Executed inmate is 2nd in family put to death
SIOUX FALLS, S.D. – Rodney Berget, convicted of killing a prison guard in a foiled escape from the South Dakota State Penitentiary, was executed by lethal injection Monday after a delay of several hours.
Berget was sentenced to death for the 2011 killing of correctional officer Ron RJ Johnson during a failed prison escape attempt. Berget had been serving a life sentence for an attempted murder and kidnapping conviction.
The execution came after six years of court delays and debates over his intellectual capabilities, plus five hours of delays Monday.
“The execution of inmate Rodney Berget was carried out in accordance with state law,” DOC spokesman Michael Winder said.
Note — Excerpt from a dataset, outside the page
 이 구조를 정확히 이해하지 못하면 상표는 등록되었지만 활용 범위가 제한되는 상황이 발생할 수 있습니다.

“He (Berget) chose to be evil,” Ronald Johnson’s daughter said. “We choose as a family to be better.”
The other inmate who triedattempted to escape the prison, Eric Robert, was executed in 2012 after pleading guilty to the murder. Michael Nordman was sentenced to life in prison for providing the plastic wrap and pipe used in the killing.
The U.S. Supreme Court cleared the way for the lethal injection for Berget, 56, after seven years on the state’s death row.
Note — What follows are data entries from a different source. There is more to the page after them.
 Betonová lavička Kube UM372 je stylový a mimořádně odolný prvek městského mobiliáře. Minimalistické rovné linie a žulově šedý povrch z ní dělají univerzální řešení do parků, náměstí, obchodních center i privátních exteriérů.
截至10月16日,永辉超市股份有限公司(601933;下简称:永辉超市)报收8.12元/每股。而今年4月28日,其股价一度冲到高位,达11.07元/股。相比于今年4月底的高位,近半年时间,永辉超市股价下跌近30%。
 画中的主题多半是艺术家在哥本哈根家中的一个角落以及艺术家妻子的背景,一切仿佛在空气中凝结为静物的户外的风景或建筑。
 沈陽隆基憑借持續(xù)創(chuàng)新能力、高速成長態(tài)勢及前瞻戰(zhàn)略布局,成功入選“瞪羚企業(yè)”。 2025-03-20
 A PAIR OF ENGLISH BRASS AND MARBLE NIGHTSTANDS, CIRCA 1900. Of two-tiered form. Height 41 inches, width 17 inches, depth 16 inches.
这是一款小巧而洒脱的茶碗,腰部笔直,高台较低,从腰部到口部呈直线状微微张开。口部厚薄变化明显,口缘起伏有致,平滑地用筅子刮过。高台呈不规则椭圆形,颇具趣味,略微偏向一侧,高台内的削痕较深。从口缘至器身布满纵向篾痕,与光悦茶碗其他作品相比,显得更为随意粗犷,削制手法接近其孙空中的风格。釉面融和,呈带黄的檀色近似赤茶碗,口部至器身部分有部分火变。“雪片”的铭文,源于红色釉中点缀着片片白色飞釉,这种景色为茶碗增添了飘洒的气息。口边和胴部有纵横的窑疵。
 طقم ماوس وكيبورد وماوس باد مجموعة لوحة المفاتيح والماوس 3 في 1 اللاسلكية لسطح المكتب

The execution is the state’s fourth since reinstating the death penalty in 1979.
Chicago-based lawyer Juliet Yackel argued that Berget is intellectually disabled. The state Supreme Court had denied a motion from Yackel arguing that Berget lacks the intellectual capacity to receive capital punishment.
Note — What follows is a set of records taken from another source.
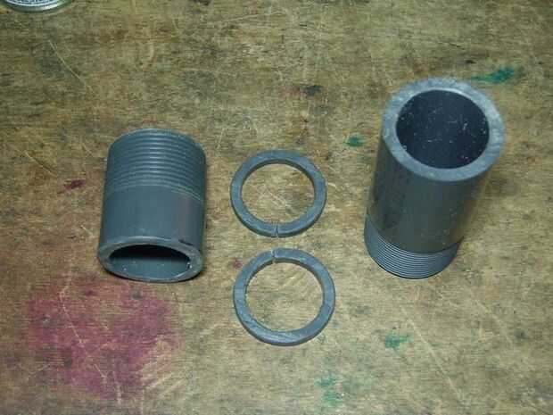 Tenemos que cortar a dos espaciadores de la tubería de sobrante. Los espaciadores son 3/16" de espesor. Deben ser cuadrado y uniforme en espesor.
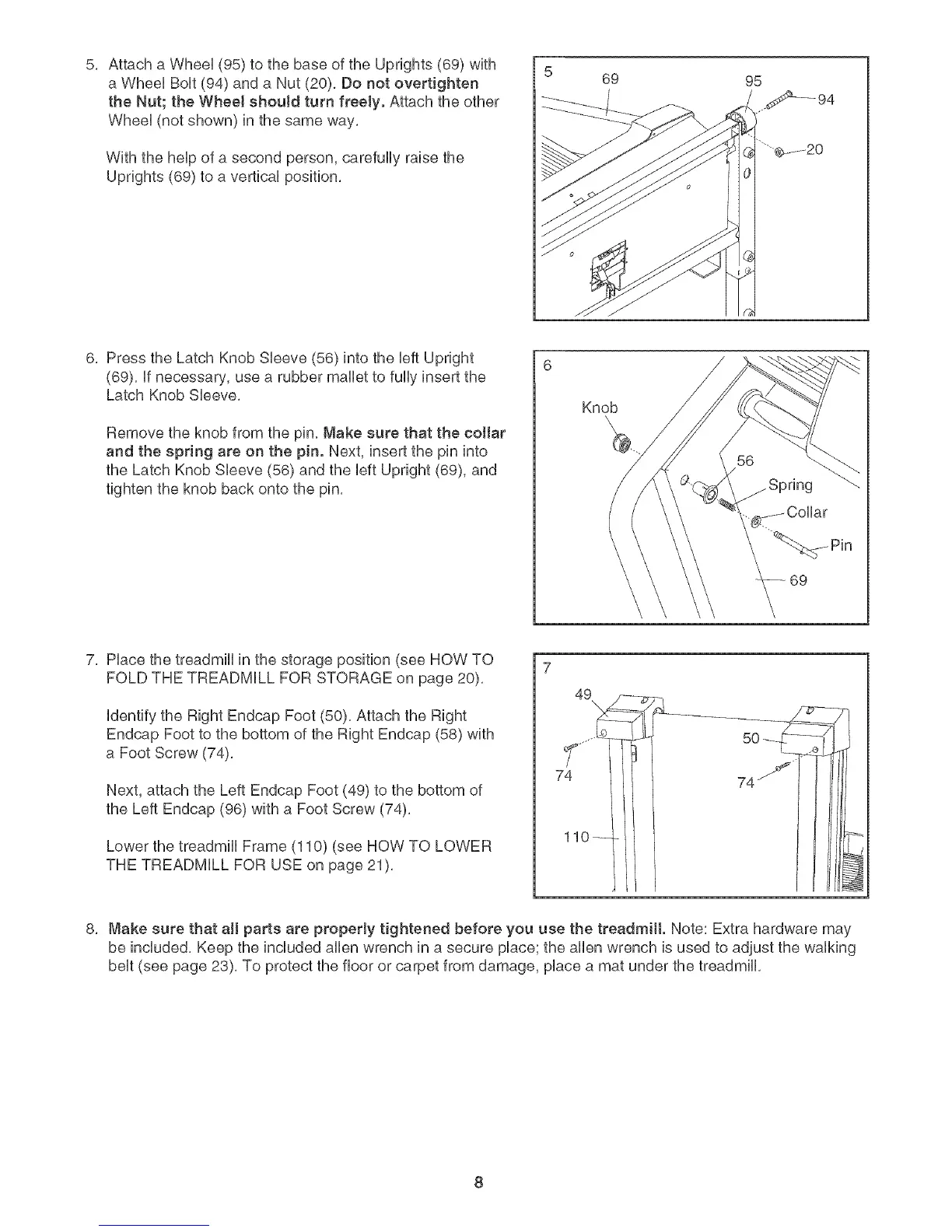 8, Makesurethatal partsareproperlytightenedbeforeyouusethetreadmil. Note:Extrahardwaremay
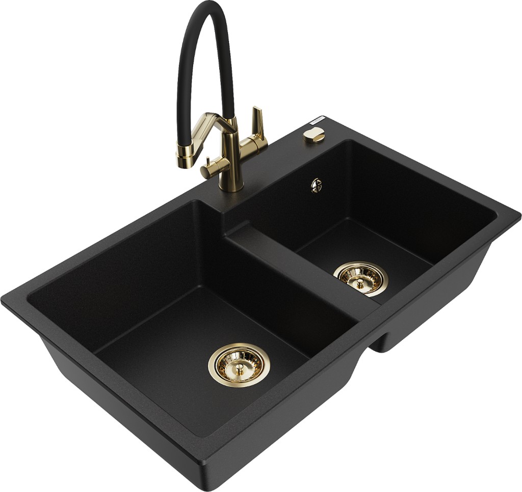 Technické dáta: drez: Rozmer: 800 x 500 x 190 mm Hĺbka komory: 180 mm (väčšia), 180 mm (menšia) Rozmery komory: 440x387 mm (väčšie), 370x303 mm (menšie) Priemer odtoku: ø90 mm Typ: 2-komorový Typ: Zapustené do pracovnej dosky Materiál: žula Čierna farba Povrchová úprava sifónu: zlatá Materiál: žula (80% žulové kamenivo, 20% živice) Prepadový otvor: Áno Otvory: (batérie, automatické) 2 Vysoká odolnosť proti poškriabaniu a zmene farby Odolnosť proti tepelným šokom Ľahko čistiteľný povrch Jeden dodatočný vyfrézovaný otvor na samodierovanie ø35 kuchynská batéria: Materiál: mosadz Farba: Zlatá/Čierna Hlavy: Keramické Prevzdušňovač: Áno Typ hubica: Flexibilný s mosadzným držiakom Rozsah výtoku: 260 mm Výška: 405 mm Typ: Dve rukoväte Dvojhlavá batéria s prídavným filtrom na pitnú vodu(GT) Ean: 5905315055088
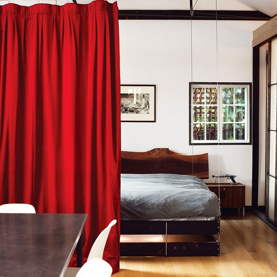 Другим способом зонирования комнаты является использование раздвижной перегородки. Этот вариант многими выбирается из-за его преимуществ перед предыдущим способом — мобильности, лёгкости, а также малой занимаемой площадью. Также стоит отметить и тот факт, что такой способ разделения может быть реализован самим хозяином комнаты при наличии необходимых материалов.
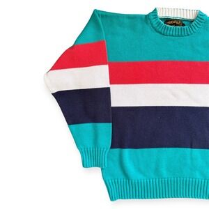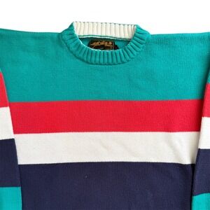 Vintage Eddie Bauer cotton knit sweater features a bold horizontal block stripe pattern in teal, red, white, and navy blue. This heavyweight crewneck pullover is crafted from 100% cotton, offering a comfortable and breathable feel suitable for year-round wear. The ribbed collar, cuffs, and hem provide a classic structured fit.
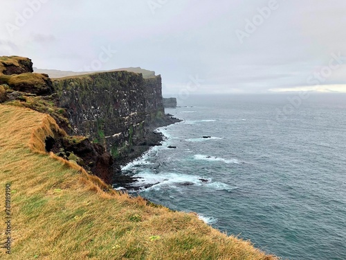grassy, cliff, sea, iceland, cloudy, day, gloomy, weather, outdoors, nature, landscape, coastal, shore, beach, horizon, water, rocky, scenic, scandinavia
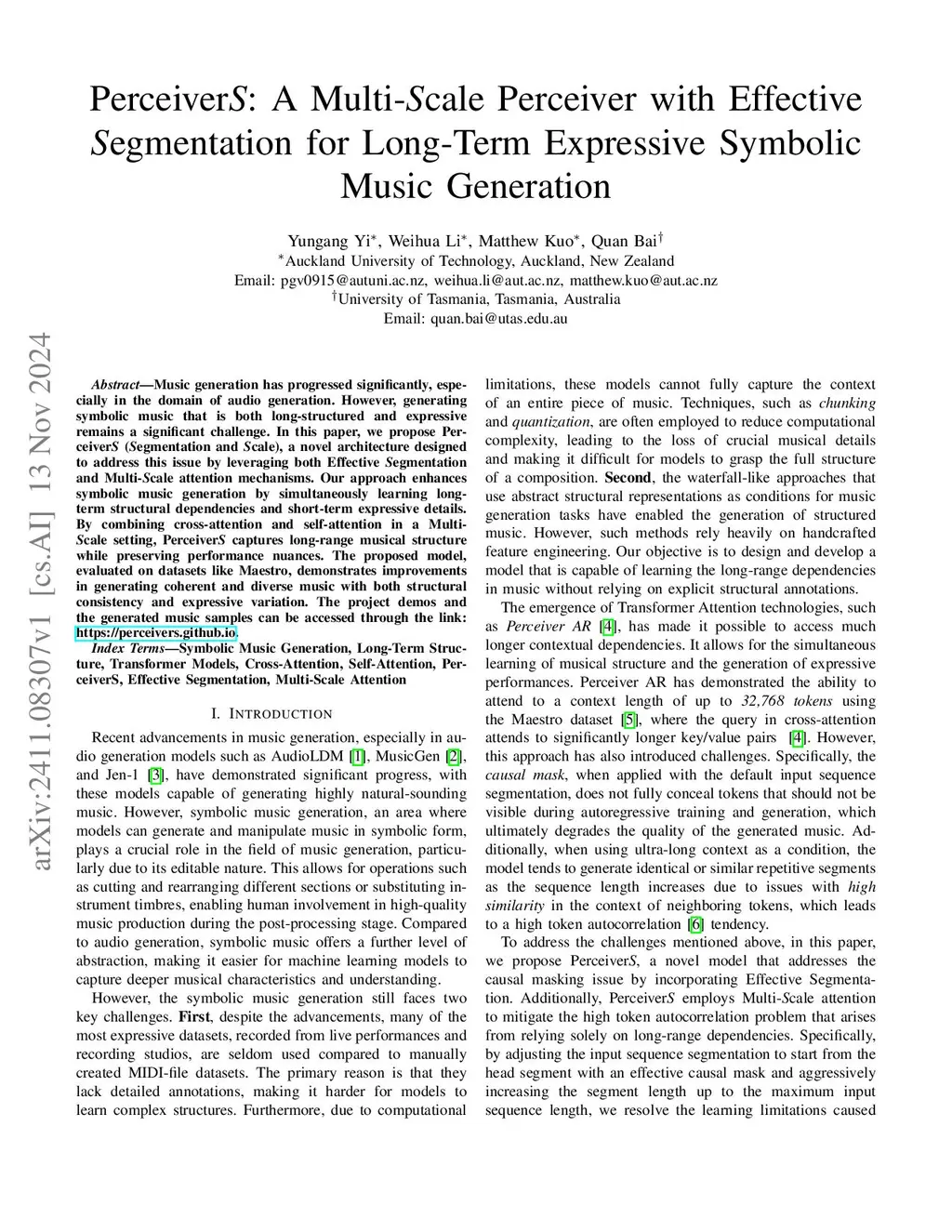 AI-based music generation has made significant progress in recent years. However, generating symbolic music that is both long-structured and expressive remains a significant challenge. In this paper, we propose PerceiverS (Segmentation and Scale), a novel architecture designed to address this issue by leveraging both Effective Segmentation and Multi-Scale attention mechanisms. Our approach enhances symbolic music generation by simultaneously learning long-term structural dependencies and short-term expressive details. By combining cross-attention and self-attention in a Multi-Scale setting, PerceiverS captures long-range musical structure while preserving performance nuances. The proposed model has been evaluated using the Maestro dataset and has demonstrated improvements in generating coherent and diverse music, characterized by both structural consistency and expressive variation. The project demos and the generated music samples can be accessed through the link:this https URL.

Berget, who is the second member of his family to be sentenced to death, had filed an affidavit over the weekend saying he told Yackel not to pursue an appeal. In 2000, Berget’s older brother Roger was executed in Oklahoma after being convicted in 1987 of killing a man to steal his car.
The Bergets are not the first pair of siblings to be condemned. In at least three cases, brothers who conspired to commit crimes both have received the death penalty. But Rodney and Roger Berget stand out because their crimes were separated by more than 600 miles and 25 years.
“To have it in different states in different crimes is some sort of commentary on the family there,” said Richard Dieter, executive director of the Death Penalty Information Center which tracks death penalty trends, said in 2012.
On Monday outside the state penitentiary, the execution’s delay was met with mixed reaction. Death penalty protesters saw signs of hope while capital punishment proponents bristled at the legal maneuvers.
“Unbelievable,” a supporter of Berget’s execution yelled as another supporter held up a cellphone, showing her the news that the execution was on hold.